Exchanges with Elder Young

Just a random kid we befriended at the library
MIRACLES DO EXIST!
Alright everyone. Sorry I did not write a weekly or email anyone this past week. We changed our pday to today because we got to go to the temple!!!! What's a time.
But I appreciate all the emails that I received, what saints you are. But man these past 2 weeks have been ~good~
I'm trying to think of things from last week but I can't so I'll just say a little from this week.
We had zone conference on Wednesday and that was awesome. I got to see all of the buds and chat a little. My companion continued to ask me after zone conference "how do so many people know who you are?".... Speaking of companions I got some quotes from him this week
"Dude I have this one cologne that is too dangerous for the mission" "why" "because it makes me indenialable, the ladies can't resist, it takes away their agency"
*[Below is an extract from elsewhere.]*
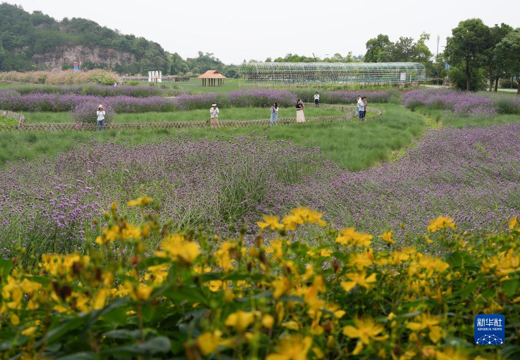 6月14日,游客在蛇蟠島的一片花海間游覽。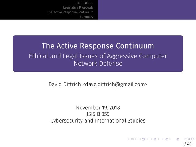 This talk discusses some of the computer intrusion sets that drive discussions of "active defense" ("hacking back"), including Mandiant's APT1 report (and their response), Citizen Lab's "Tracking Ghostnet" report, and the Georgian CERT's "Georbot" report. We then explore some common ethical philosophies, "integrity," "just war" doctrine, ACM's Code of Ethics, and the "Common Rule." We look at some legislative proposals (Berman/Coble, the Active Cyber Defense Certainty Act, and Georgia Senate Bill 315. Lastly, we discuss the Active Defense Continuum.

Me to Elder Lindstrom "dude isn't It cool that we hold the priesthood, like the exact same authority that Jesus christ had and performed all those miracles and Moses parted the red sea and Jesus created the earth" Elder Lindstrom to me "yeah the same authority that the hermanas don't have"
Elder Lindstrom "I think I just peed a little"
Elder Lindstrom "Me and the S word have a bad relationship, he's so clever and sometimes he just slyly puts himself in my mouth"
Elder Lindstrom "I like the khakies and the green tie.......... It's sexy"
Okay I got plenty but I don't want to annoy you with a really long weekly email. I asked prez dawg what was gunna happen with me to see if I should get comfy in this area for the rest of my mission and his words were "I'm still not sure what to do with you"
Also at zone conference I needed to ask permission to go to this guy's restaurant and get free food because he's a dope dude... And it's out of our area by like 30 min... So I attempt to ask prez dawg at zone conference and he says "what is your missionary purpose" and he stumped me... I had nothing... And he said "do you have a missionary purpose?" and I said "uhh president have you ever had Mexican food before, and it's free" and he said with a slight grin on his face "yeah you are good to go" and proceeded to pat me On the back.... What a guy
Also sorry this is getting out of hand but I got another story. My weekly on Monday will be spiritual. So yesterday we go to the restaurant to eat but my man Dino isn't there. He is the owner of this restaurant so we are like freak we gotta pay now... But I had the faith. Elder Lindstrom only got like 3 tacos of the cheap meat but I get four tacos. 2 fish, 1 tongue, 1 intestines with horchata... I'm going all out because I have faith that a miracle will happen. And we go to pay after eating. And the lady at the register says in her broken English. "my brother, DINO, just called and apologizes that he couldn't be here, but he said you guys eat for free so have a good night" MIRACLES DO EXIST!
Alright everyone. It's a been a week and I will make the one on Monday more spiritual for your well being.